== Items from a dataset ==
- - - -

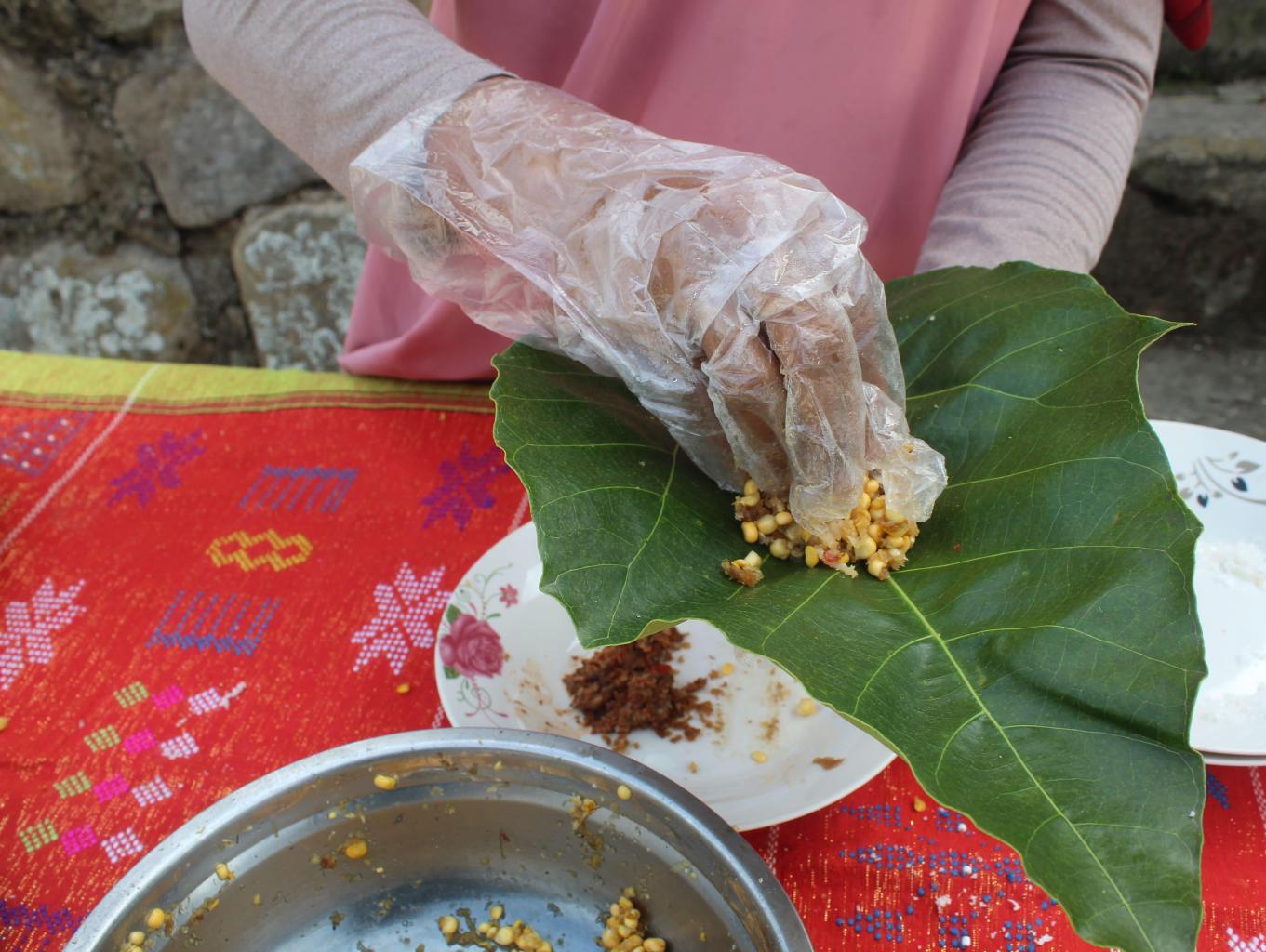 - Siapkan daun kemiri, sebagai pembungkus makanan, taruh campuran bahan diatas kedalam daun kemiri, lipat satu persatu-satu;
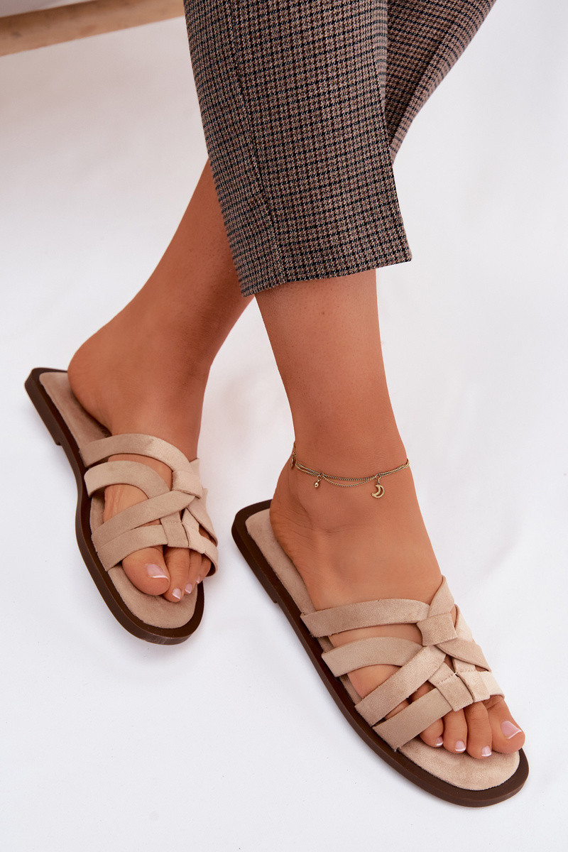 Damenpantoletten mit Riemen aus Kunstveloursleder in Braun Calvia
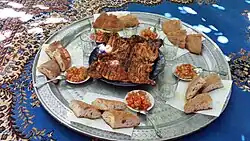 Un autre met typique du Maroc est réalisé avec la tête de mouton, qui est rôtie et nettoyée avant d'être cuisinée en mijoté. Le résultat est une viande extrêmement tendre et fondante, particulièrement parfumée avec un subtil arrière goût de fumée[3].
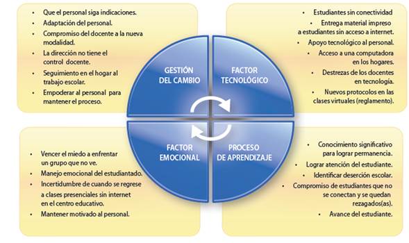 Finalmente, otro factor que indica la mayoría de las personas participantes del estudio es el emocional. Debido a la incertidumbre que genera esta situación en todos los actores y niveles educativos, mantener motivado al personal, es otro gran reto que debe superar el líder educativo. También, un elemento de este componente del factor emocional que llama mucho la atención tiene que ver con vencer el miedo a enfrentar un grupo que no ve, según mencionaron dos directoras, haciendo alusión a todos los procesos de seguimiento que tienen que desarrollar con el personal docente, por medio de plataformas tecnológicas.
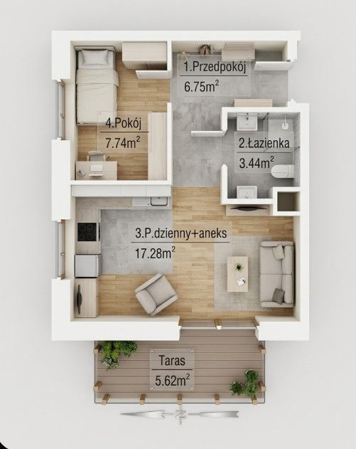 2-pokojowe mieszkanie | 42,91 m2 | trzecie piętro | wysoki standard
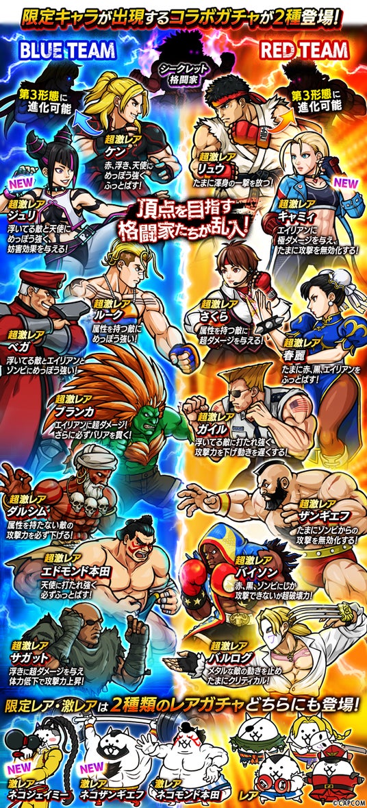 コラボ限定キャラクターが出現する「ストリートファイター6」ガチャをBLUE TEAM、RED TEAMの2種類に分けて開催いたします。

- - - -

== Exercise requirements ==
Pictures are to be omitted; otherwise, write out the data exactly as it appears.

== Expected answer ==
 - Siapkan daun kemiri, sebagai pembungkus makanan, taruh campuran bahan diatas kedalam daun kemiri, lipat satu persatu-satu;
 Damenpantoletten mit Riemen aus Kunstveloursleder in Braun Calvia
 Un autre met typique du Maroc est réalisé avec la tête de mouton, qui est rôtie et nettoyée avant d'être cuisinée en mijoté. Le résultat est une viande extrêmement tendre et fondante, particulièrement parfumée avec un subtil arrière goût de fumée[3].
 Finalmente, otro factor que indica la mayoría de las personas participantes del estudio es el emocional. Debido a la incertidumbre que genera esta situación en todos los actores y niveles educativos, mantener motivado al personal, es otro gran reto que debe superar el líder educativo. También, un elemento de este componente del factor emocional que llama mucho la atención tiene que ver con vencer el miedo a enfrentar un grupo que no ve, según mencionaron dos directoras, haciendo alusión a todos los procesos de seguimiento que tienen que desarrollar con el personal docente, por medio de plataformas tecnológicas.
 2-pokojowe mieszkanie | 42,91 m2 | trzecie piętro | wysoki standard
 コラボ限定キャラクターが出現する「ストリートファイター6」ガチャをBLUE TEAM、RED TEAMの2種類に分けて開催いたします。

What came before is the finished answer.